_STORED DATA_:
'''
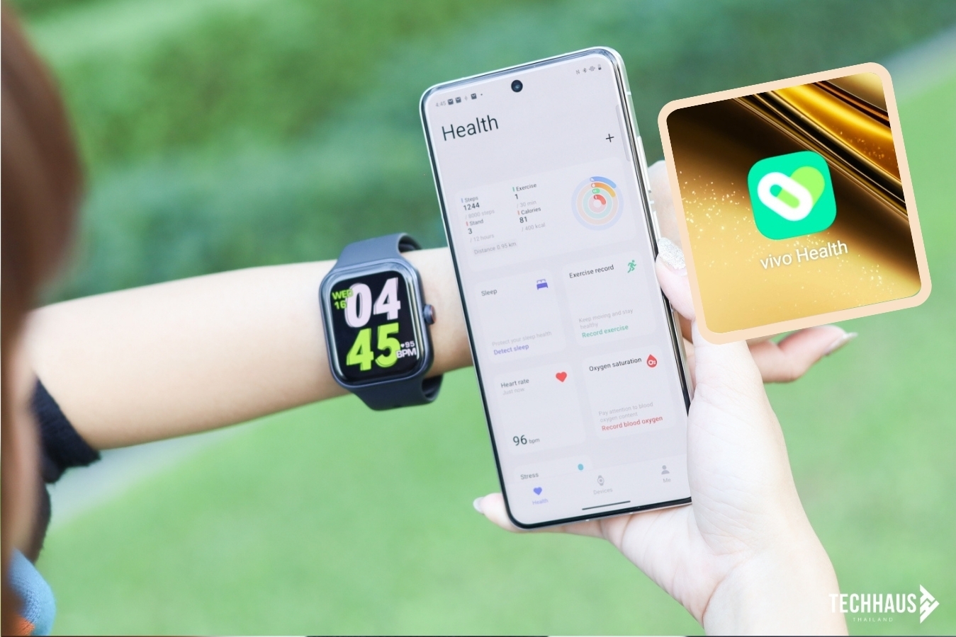 การตั้งค่าเริ่มต้นทำได้ง่ายมาก เพียงดาวน์โหลดแอป vivo Health แล้วเชื่อมต่อผ่านบลูทูธ ใช้เวลาเพียงไม่กี่นาที
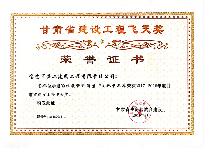 2017-2018年度甘肅省建設工程飛天獎(恒順紫御潤園1#及地下車庫)
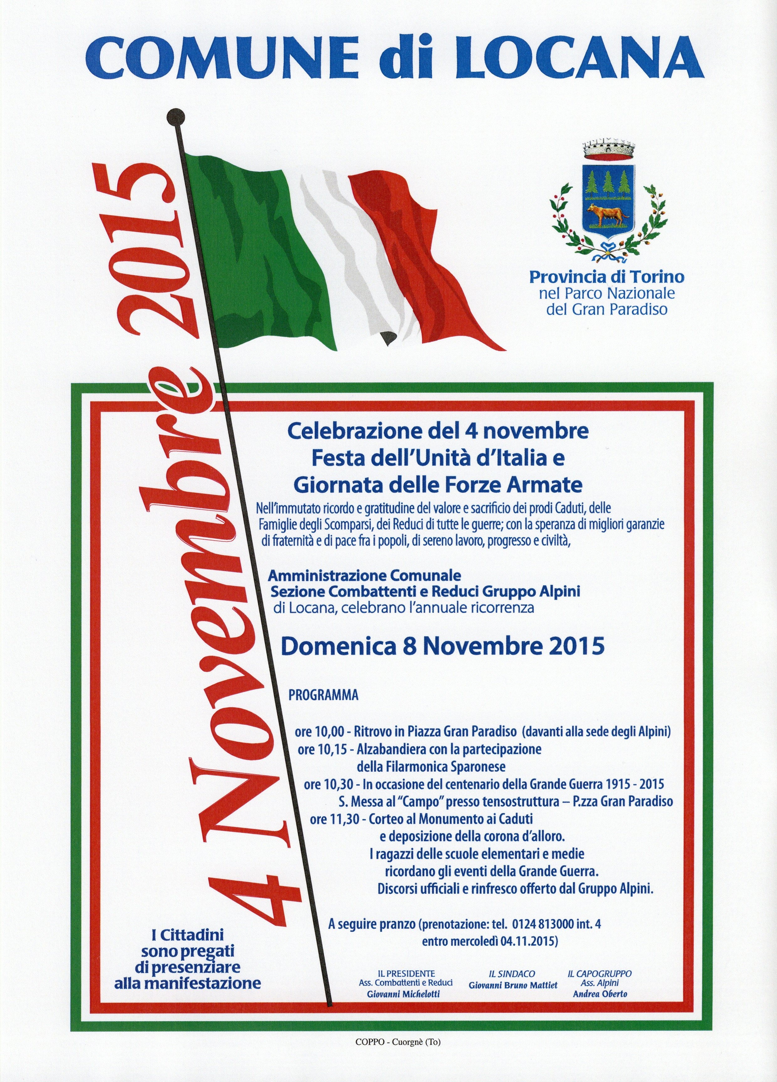 ore 11.30 Corteo al Monumento ai Caduti e deposizione della corona d’alloro. I ragazzi delle scuole elementari e medie ricordano gli eventi della Grande Guerra.
'''
_WHAT YOU HAVE TO DO_:
Could you reproduce the data above exactly, without its pictures?

_FINISHED EXERCISE_:
 การตั้งค่าเริ่มต้นทำได้ง่ายมาก เพียงดาวน์โหลดแอป vivo Health แล้วเชื่อมต่อผ่านบลูทูธ ใช้เวลาเพียงไม่กี่นาที
 2017-2018年度甘肅省建設工程飛天獎(恒順紫御潤園1#及地下車庫)
 ore 11.30 Corteo al Monumento ai Caduti e deposizione della corona d’alloro. I ragazzi delle scuole elementari e medie ricordano gli eventi della Grande Guerra.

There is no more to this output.